The king of France, the Dauphin, and the dukes of Berri, Brabant, Orleans, and Bretagne meet to discuss military strategy against the advancing English army. The Dauphin tells his father that they should make their preparations without any show of anxiety. After all, England is led by a “vain, giddy, shallow, humorous youth,” from whom they have nothing to fear.
The Constable of France disagrees with the Dauphin’s assessment. He warns that Henry’s previous “vanities” have been replaced by a calm, resolute strength that shouldn’t be underestimated.
The king of France then tells his military leaders to remember the battle of Crecy, when Edward the Black Prince of Wales captured all the princes of France. In short, they must meet the English with strength or risk being humiliated again.
A messenger enters, announcing Exeter’s arrival at the French court. “In the name of God Almighty” and on Henry’s behalf, Exeter tells the king of France to divest himself of his crown. If he refuses, bloodshed will follow.
Exeter says he also has a message for the Dauphin. He tells the Dauphin that Henry sends nothing but “Scorn and defiance, slight regard, [and] contempt.” In addition, Henry warns that if the king of France fails to make amends for the Dauphin’s mocking gift, he will respond with the deafening echo of English cannons.
The effect will be so devastating that even the caverns of France will “chide” the Dauphin for his “trespass” against Henry.
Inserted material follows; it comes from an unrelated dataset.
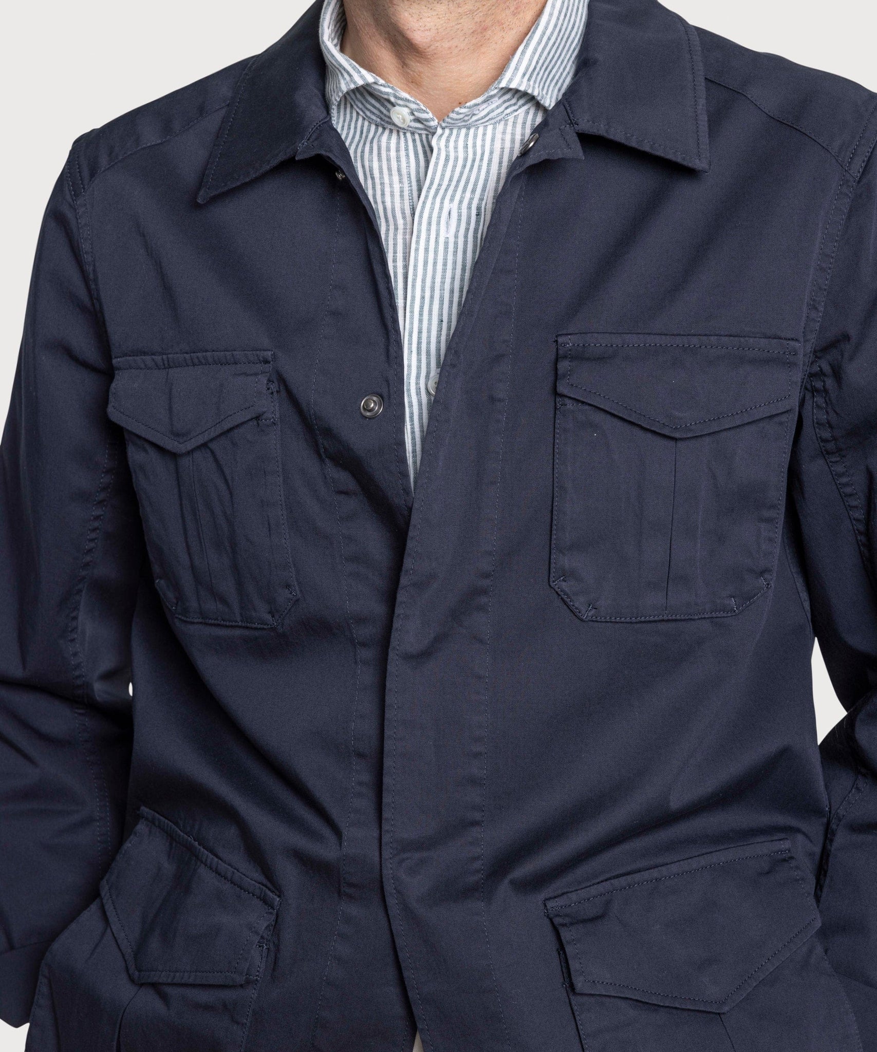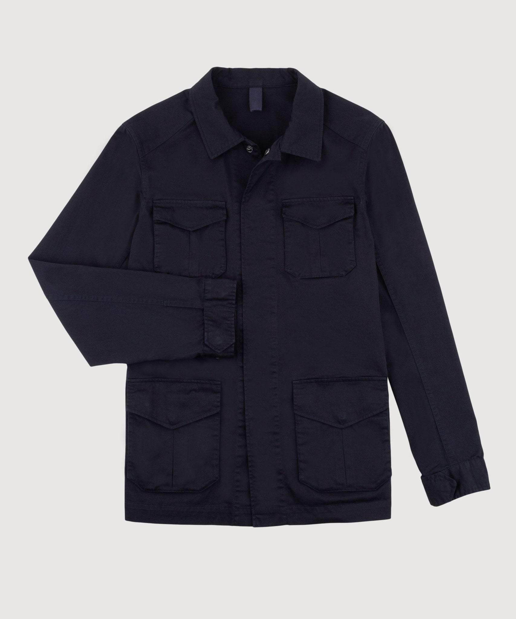 Made from Italian cotton and a touch of elastane, washed for softness and comfort. The design is based on the Jungle Fatigue Jacket and is easy to pair with any casual outfit. Layer over your favourite shirt, t-shirt or sweater for an effortless, laid back look. Made in Portugal, unlined construction and suitable from early Spring to late Autumn.

In response, the king of France promises that Henry will have his answer the next day.
In this section, Shakespeare highlights the themes of betrayal and power. Henry, the previously betrayed, has now become the betrayer. To illustrate Falstaff’s complete marginalization by Henry, Shakespeare gives the knight no dialogue or stage presence. In fact, Henry’s rejection of Falstaff is foreshadowed in the last scene of Henry IV, Part II.
During his coronation march in act 5, scene 5 of Henry IV, Part II, Henry banishes his former friend from his presence. In doing so, Henry demonstrates his power and dominance:
Approach me, and thou shalt be as thou wast,
The tutor and the feeder of my riots.
Till then I banish thee, on pain of death,
As I have done the rest of my misleaders,
Not to come near our person by ten mile.
Hence, Falstaff dies alone, bereft of the comforting presence of his old friend. Essentially, Henry has his sights trained on France and must divest himself of all distractions. Interestingly, the character of Falstaff is modeled after Sir John Oldcastle, a leader of the Lollards and personal friend of Henry’s. In the early 15th century, the Lollards were considered heretics who rejected the authority of priests, emphasized the primacy of Scripture, and rejected image worship. Oldcastle led a rebellion against Henry before being captured and executed. In Henry V, Henry rids himself of his old friend Falstaff through dismissive neglect.
Thus, the primary focus in this section is Henry’s rejection of his profligate past and his utter reinvention of self. Shakespeare portrays Henry as a king taking on the mantle of leadership as England prepares for war. The playwright also reminds his audience that Henry's forefathers waged successful military campaigns in France and that he is equally capable of doing the same. By utterly rejecting his past, Henry can now look ahead, secure in what he believes to be his proper claim to the French crown.